Assume nothing and work outwardly in faith balanced with reason.
During the Corona Virus, I think about Jesus among the lepers before I leave home.
12 – 20 – 20
I have a wart on my face that’s disgusting.
Veruca Vulgaris. Vulgar, I know.
In secret, I do my best to pick it off.
Thankfully, and dreadfully, it grew into prominence during the corona.
It began in a daydream of that time in before, when life was just a struggle and normal.
One day, in my flailings and attempts at your trying, I noticed something on my lip.
What began as a speck had slowly grown into a mark upon my face at the exit of performance.
A blab blab talker, firstborn of his name, picked at it while pretending at unimportance.
All the time knowing greater, all the time knowing more, all the time pretending Socrates’s ignorance and growing nothing.
A cute girl asked me at work, one day, what’s that on your lip and embarrassed I gave immediately in to the lie:
Oh, it’s nothing, just a scar.
But I knew this untrue and I felt myself lie with the devil that slides round my heart.
So I picked, and I chipped, and it grew.
12 – 22 – 20
Cain -> King
Cain is not Abel.
The king is not able to task.
The judges could not deny The Return of the Kings.
Do we give in to the devil to surprise, no, survive?
Here you go, rich man, I’ll pay for piece of mine.
What happened to David? Who sings for us forever now.
Kendrick Lamar for President, Beyoncé Imperator Mars
Why does Sadhguru not give his watch to a dalit?
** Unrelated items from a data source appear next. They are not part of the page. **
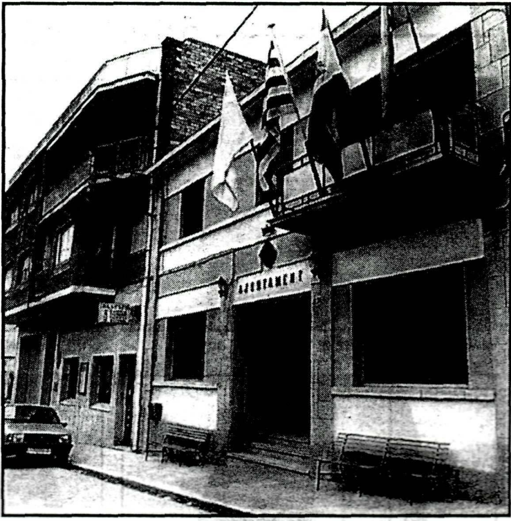
Alpicat ha convidat una orquestra cada nit.
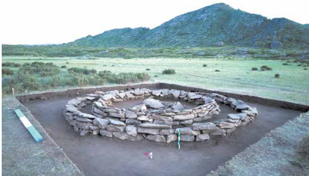
6 сурет. Қоршаудың тас қаландыларының көрінісі

Одан әрі қазу жұмыстары барысында қалыңдығы 0,20 м аралас қабат алынып, одан кейін тас жәшіктің қабырғалары анықталды (7 сур.). Тас жәшік О-С бағыты бойынша созылады, ОБ жағына аздап ауытқу байқалады.
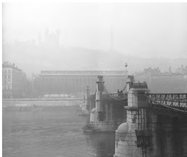
Le Palais de justice de Lyon dans la brume

L'exposition retrace leur parcours pendant la période, les conditions dans lesquelles ils ont pu exercer leur métier à différents moments du conflit, montrant la difficulté d'assurer les droits de la défense, alors qu'une « justice en guerre » s'engage dans une répression croissante.

Or to a Brahmin in the muck and the blood?
Does it seem I have a chip on my shoulder, poor me.
The man may not be bad, but a saint oh he ain’t.
Let Sam by the judge, as his due. Kingmaker, not king.
Who — Not a king, but a Queen.
Not a queen, but a pawn.
It’s all one. Me. You. It.
–
Any peasant can think arrogant, any peasant can understand themselves as galactic, gods of the self, soul, the stars.
Cheesy.
–
I come back again to that same old problem of language. I’ll take the flood any day, it’s the destruction of the tower that I curse. I think daddy destroyed it so we can build it back better. After all, who wants a tall tower without a lift? The journey from the bottom to the top would take too long. Also, the purpose was off.
Here’s where my questions and ponderings take me:
the Babylonians brought together the peoples of their middle kingdom as they grew in reach and power, taking in their domain more disparate peoples by slavery and by opportunity, one and the same so often (always?), and soon the conquest overtook the cohesion. Language ties us to our morality, our understanding of the Earth and our grasp of its nuance.
How can we expect worker cohesion in such conditions? Where do we root instruction without shared foundation? Are we founded in our humanity, or something beyond? We see evolution as a physical process.
What if — there’s always what if.
We, we. I. I. When I say we I mean I, and arrogant, I see myself in you. I am you; you me. Yet still we have our families. What does that mean? How do we understand meaning? What is the process to understand? Did feeling first guide us to reason, did reason guide us into feeling, or are the two the one, and the same?
Is this nothing but the nonsense of a one struggling at the all?
–
Let my words equal the testament of Mary, unworthy.